__Required action__. As soon as the line containing "評判の詳細はインターカジノの評判・口コミページをご確認ください。" appears in the material below, start returning lines exactly, and end with the line containing "The Gujarat numbers".

__Material provided__.
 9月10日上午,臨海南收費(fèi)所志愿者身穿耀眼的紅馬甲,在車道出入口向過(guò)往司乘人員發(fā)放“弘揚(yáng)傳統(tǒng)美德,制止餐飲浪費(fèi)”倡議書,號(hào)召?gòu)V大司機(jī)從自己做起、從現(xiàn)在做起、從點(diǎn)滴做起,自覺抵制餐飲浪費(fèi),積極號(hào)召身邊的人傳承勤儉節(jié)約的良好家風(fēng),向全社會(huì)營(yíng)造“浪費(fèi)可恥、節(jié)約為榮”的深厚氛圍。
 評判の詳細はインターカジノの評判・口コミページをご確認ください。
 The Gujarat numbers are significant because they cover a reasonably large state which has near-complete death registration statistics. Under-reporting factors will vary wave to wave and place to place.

---

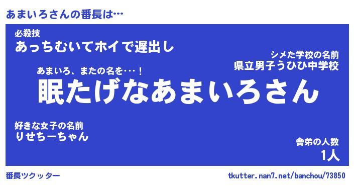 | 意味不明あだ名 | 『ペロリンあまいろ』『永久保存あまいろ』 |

--

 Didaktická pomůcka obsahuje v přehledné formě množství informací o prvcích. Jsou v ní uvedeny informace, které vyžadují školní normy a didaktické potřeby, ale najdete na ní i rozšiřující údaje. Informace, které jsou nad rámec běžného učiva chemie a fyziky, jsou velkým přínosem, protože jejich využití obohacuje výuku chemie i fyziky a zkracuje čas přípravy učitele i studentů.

__Answer to this task__.
 評判の詳細はインターカジノの評判・口コミページをご確認ください。
 The Gujarat numbers are significant because they cover a reasonably large state which has near-complete death registration statistics. Under-reporting factors will vary wave to wave and place to place.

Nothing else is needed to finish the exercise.